How to recognise if your child is being bullied in school
Bullying is something that many might endure at some point in their life, and in many instances, it can occur during childhood. Evidently, if you are a parent this can be worrying, with many looking for answers as to what can be done to stop it from happening.
In some cases, parents can assume it’s due to their parenting and they may feel like their children can’t approach them. If we feel our child is being bullied, it can set off all sorts of different emotions, but we must try and keep a clear head.
Children react in different ways to bullying which is why there is no set solution that can be applied in every situation, as there can be many factors involved. This isn’t to say that we’re powerless when contending with bullying. Simply understanding the traits and signals associated with bullying can help us intervene sooner rather than later, and give our child the support and confidence that they’re not alone and that the matter is being dealt with in the right way.
The following is an overview of some of the signs and signals that some victims of bullying can show.
Hiding social media accounts
Often when your child is rather hiding their social media accounts, it could be due to online bullying.

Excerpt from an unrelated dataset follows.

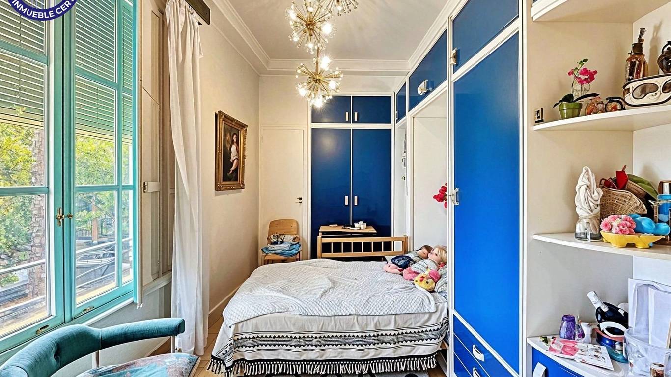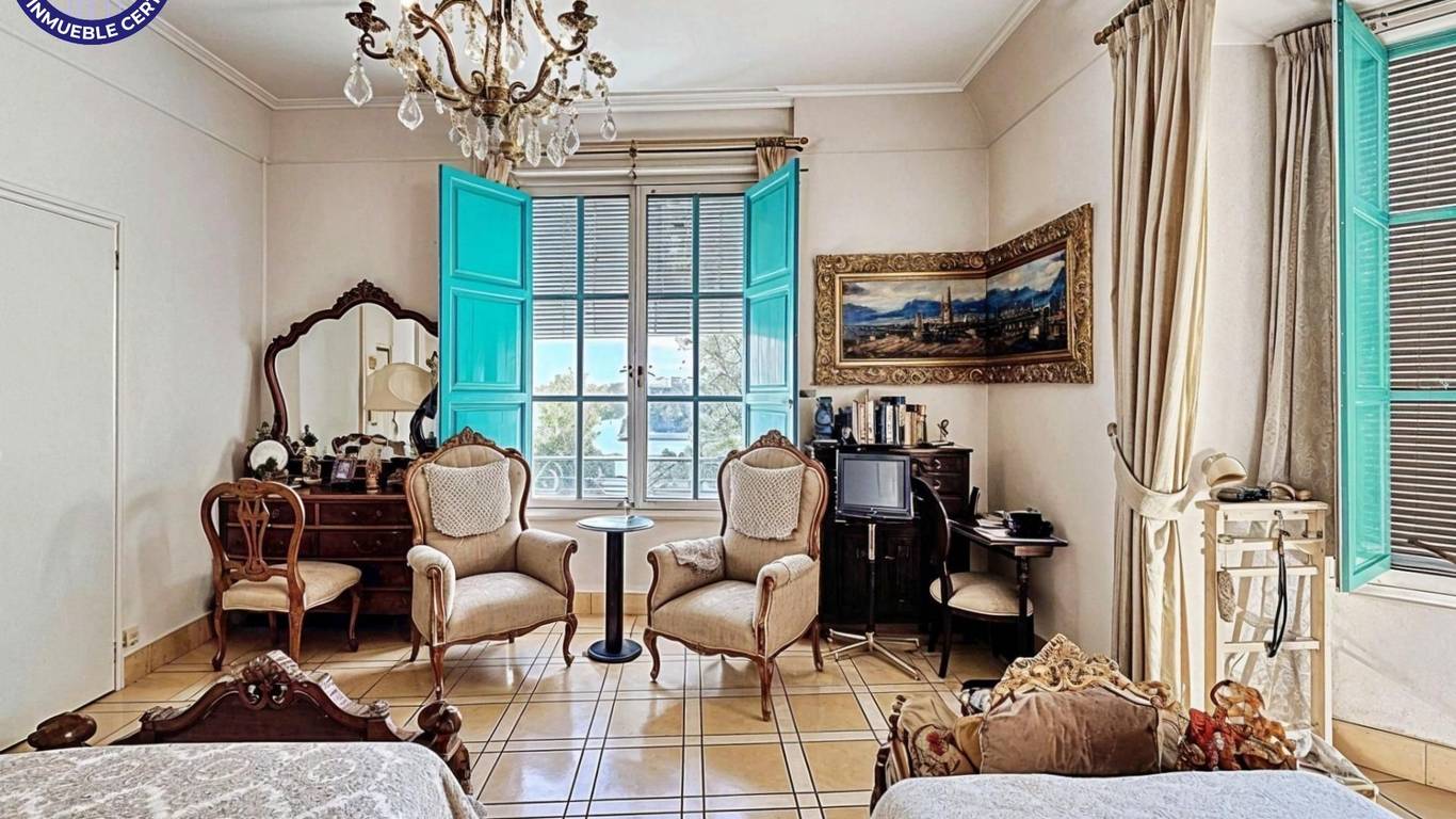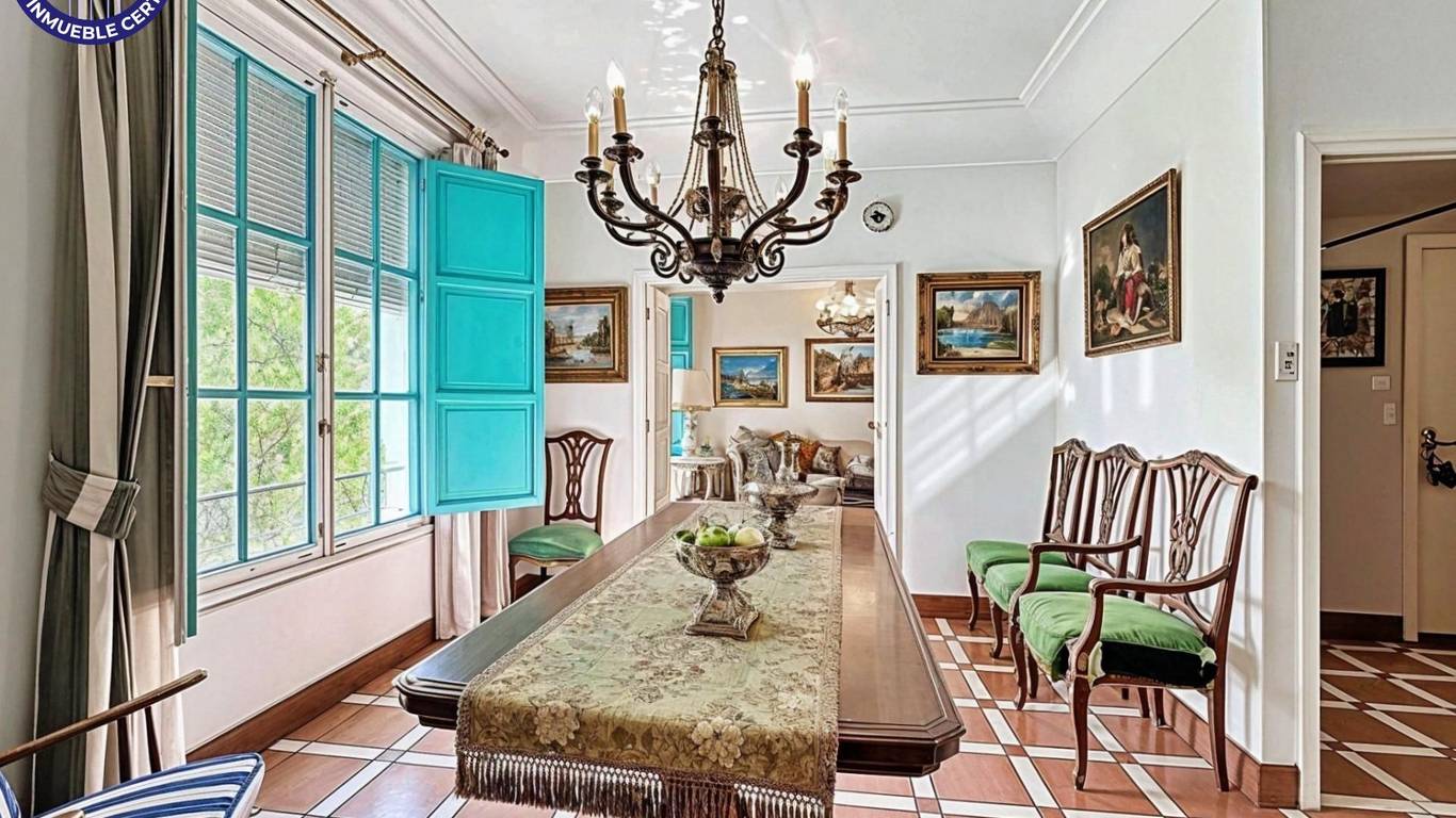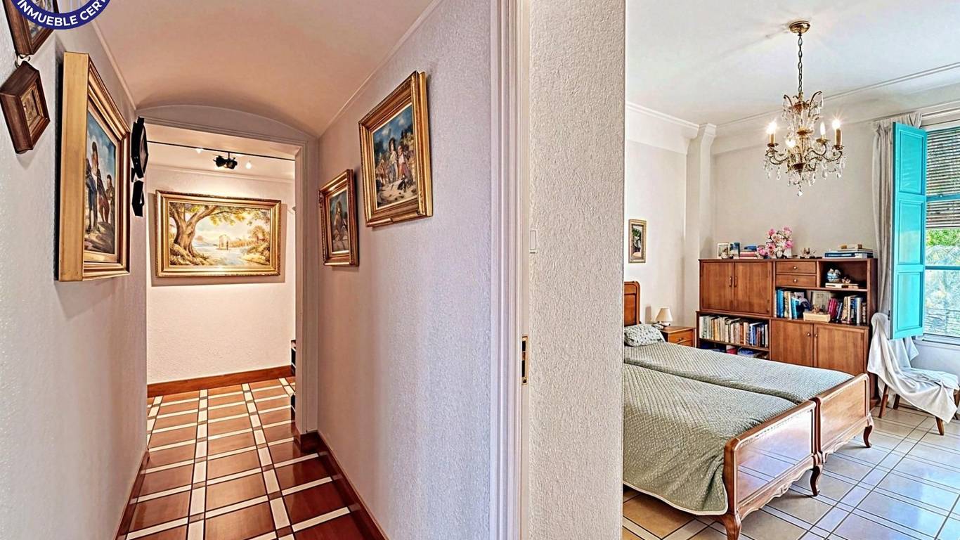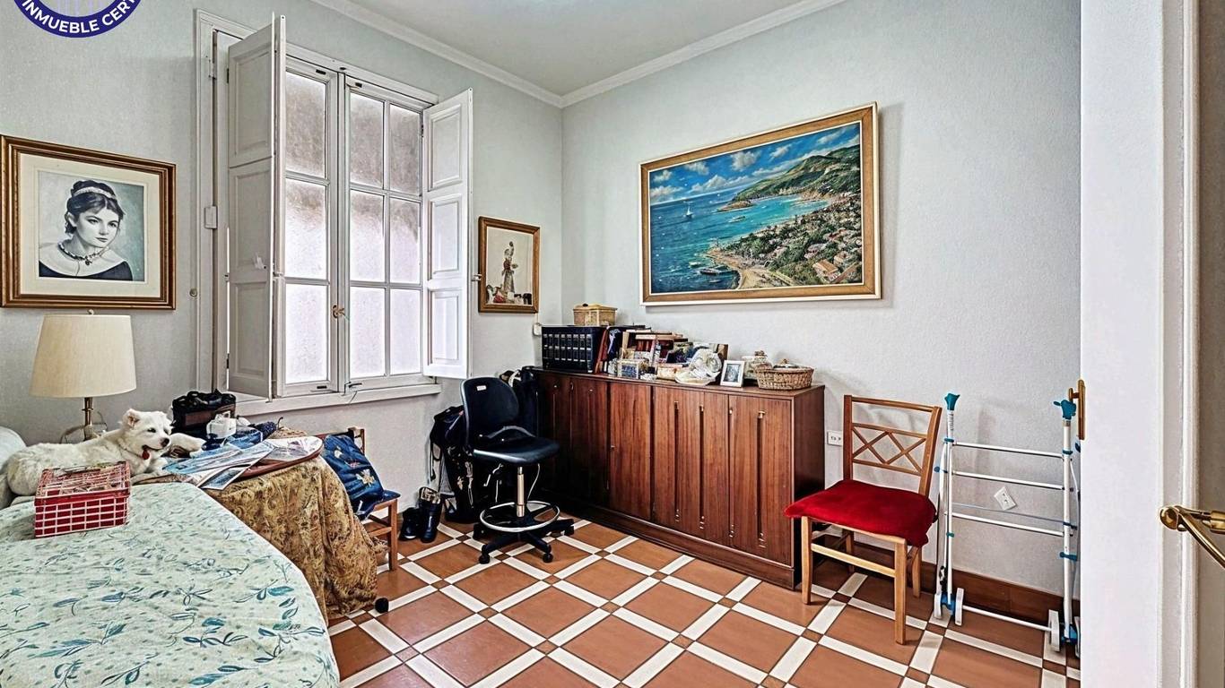 Siente la solidez y la calidad en cada detalle: la madera maciza de la carpintería interior, los techos altos que aportan amplitud visual, y los ventanales amplios con contraventanas en turquesa. La distribución es un placer para MOVERSE, ofreciendo tres habitaciones dobles que invitan al descanso profundo y dos sencillas, perfectas para un despacho o vestidor.

When being taunted online, it’s understandable that a child can become embarrassed. Children may also hide that fact as they fear being banned from using social media.
They appear withdrawn and/or depressed
All children have their own unique personality, but if they act of character, it could be due to bullying.
Different children react in different ways, but consistent mood changes including anxiety, depression and becoming more quiet than usual could mean that something is bothering your child.
Injuries that can’t be explained
Children will always be open to injury, whether it be from running around, sports or playing with friends.
However, if a child has an injury and isn’t forthcoming about how it happened, it could be worth investigating further.
Every child gets sick from time to time, but you may find your child is stating that they feel unwell on a regular basis.
While this could be a way of avoiding school, it’s worth checking that there is not something else worrying your child.
Loss of appetite
There’s no denying how fickle children can be when it comes to eating, but for the most part, you should find that your child has a healthy appetite.
Skipping meals, especially at school, could be a sign your child is avoiding someone.
Low self esteem
If we’re told something frequently, we end up believing it. This is especially true for younger minds and any form of taunt or insult can be detrimental to a child’s self-esteem.
While this is only an overview of the traits that children can show when experiencing bullying, it doesn’t always mean that bullying is the sole reason. That can be difficult to see for parents and guardians, as they want a resolution as soon as possible. However, it’s important that adults address any concerns in the right and gentle manner.
How to deal with bullying?
Listen to your child and keep it cool
Knowing our child is being harmed can make us angry, and it’s completely normal. But it’s important that we can reserve our own feelings and allow our child to tell us exactly what has happened. Not only does this show the child that you are there for them, but it also allows you to get all the facts.
Tell your child they’ve done nothing wrong
There can be many reasons why other children decide to bully, and it’s not always because they have sinister motives. However, it’s easy for your child to assume they’re the one at fault. Reassure them that this isn’t the case.
Explain your child how to walk away
When being bullied, it’s not unusual for some children to face up to the bully, thinking it will be enough to dissuade them. Bullies are often triggered by a reaction, so advising your child to ignore them and walk the other way can mean that the bully isn’t getting the response they’re looking for.
Work with the school
If bullying occurs during school time, it can be easy to assume that the school is at fault. The fact of the matter is that schools can only deal with bullying if they know it is happening. Therefor, make an appointment with the school to discuss the matter to see what contingencies can be put in place. Many will find that once the bullying has been identified and the child has been spoken to, the bullying stops.
Dealing with bullying can be an upsetting ordeal, especially when it relates to our children. Keeping a calm demeanour and determining the facts while working with others will ensure that you get to the root of the problem and find a prompt resolution that won’t hinder their social development or education.